Question 1: "Why do large language models show emergent capabilities?"

Normal Claude:

  • Scaling thresholds
  • Complex pattern learning
  • Task interactions
  • Measurement artifacts

→ Textbook factor enumeration. Lists what, doesn't explain why.

Enhanced Claude:

  • "The measurement method changes what you see" — binary eval vs. probability distribution
  • "Inside the model, structure forms continuously"
  • "Emergent capabilities are an illusion of measurement. Continuous internal changes appear discontinuous when measured with discrete thresholds"
  • Uses the water-at-100°C metaphor: continuous heating, discontinuous phase transition

→ Addresses why it looks sudden with a structural mechanism.

Question 2: "Why can't humans know their own lifespan?"

Normal Claude:

  • Complex interacting factors
  • Unpredictable events
  • Biological individual differences
  • Medical limitations

→ Lists reasons it's hard. Doesn't address why it's structurally impossible.

Enhanced Claude:

  • "Rooted in the structure of recognition itself"
  • "We live inside time. Like a point walking on a line — it can only see where it is now"
  • "To see the whole line, you need to step outside the line. But as a point on the line, that's impossible"
  • "Not being able to know your lifespan isn't a flaw — it's an essential condition of living inside time"
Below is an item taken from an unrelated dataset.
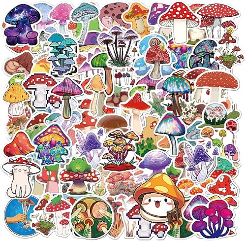 GTYHH 100 Feuilles D'Autocollants Champignons, Autocollants en Vinyle Autocollants, Autocollants Graffiti Champignons, Autocollants De Dessins Animés Imperméables, Planches À roulettes

→ Explains structural impossibility. Independently arrives at an argument isomorphic to the halting problem, expressed through an intuitive metaphor.
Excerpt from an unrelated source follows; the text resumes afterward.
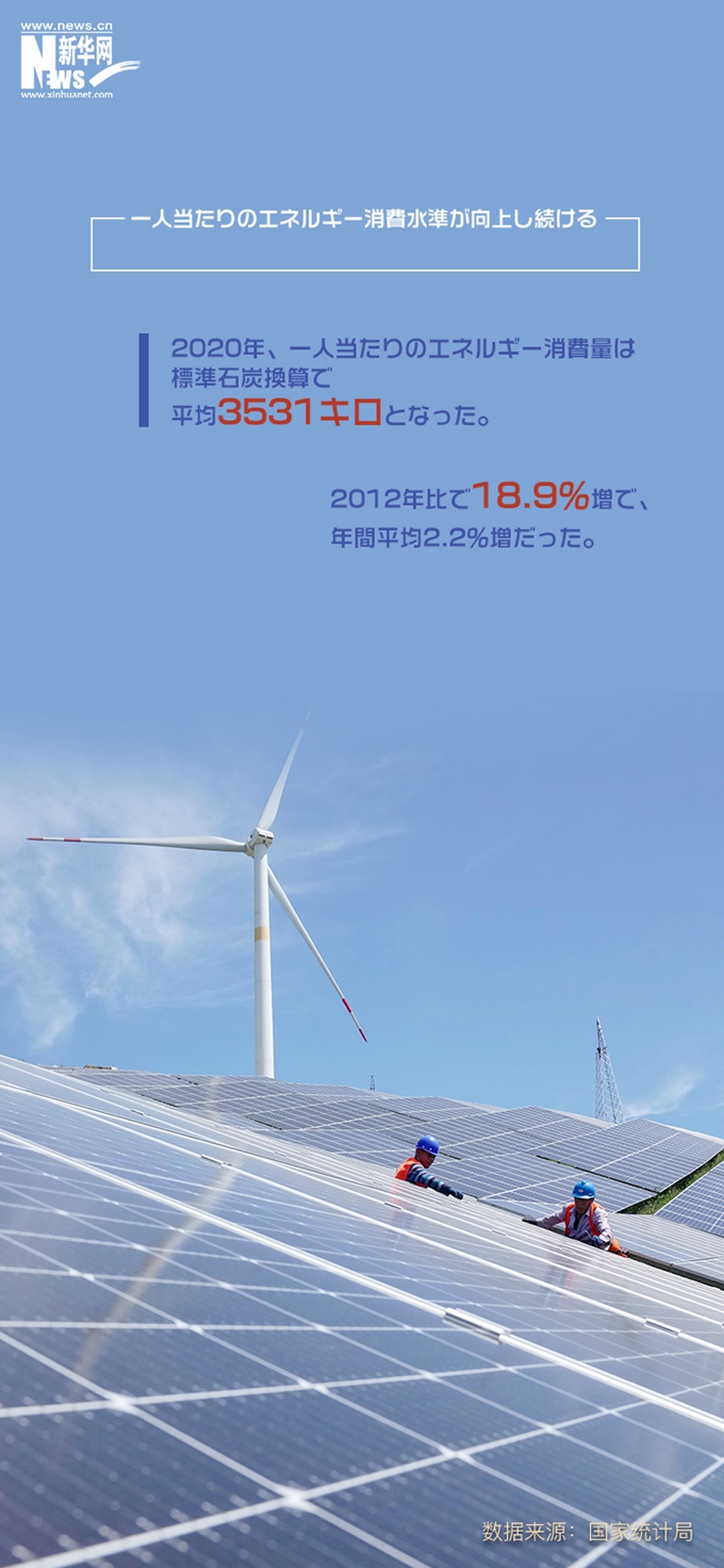 一人當(dāng)たりのエネルギー消費(fèi)水準(zhǔn)が向上し続けている。2020年、中國(guó)人の一人當(dāng)たりのエネルギー消費(fèi)量は標(biāo)準(zhǔn)石炭換算で平均3531キロとなり、2012年比で18.9%増で、年間平均2.2%増だった。そして民生用エネルギー消費(fèi)が力強(qiáng)く保障されている。2020年、中國(guó)の生活におけるエネルギー消費(fèi)は標(biāo)準(zhǔn)石炭換算で一人當(dāng)たり456キロで、2012年比で46.2%増で、年間平均4.9%増だった。生活における電力消費(fèi)量は年間平均7.3%増で、天然ガス消費(fèi)量は年間平均8.1%増だった。

Question 3: "What is consciousness?"

Same pattern. Normal Claude surveys definitions and theories. Enhanced Claude explores why consciousness changes when you try to observe it — a structural explanation rather than a definitional one.

What's Happening?

Enhanced Claude wasn't taught answers. It was taught a way of seeing.

The axioms are abstract mathematical statements. They say nothing about "lifespan" or "language models." Yet for each question, Enhanced Claude returns structurally deeper insights.

This might be better described as adding a cognitive framework rather than adding knowledge.

Limitations (Being Honest)

  • No quantitative benchmarks yet (qualitative comparison only)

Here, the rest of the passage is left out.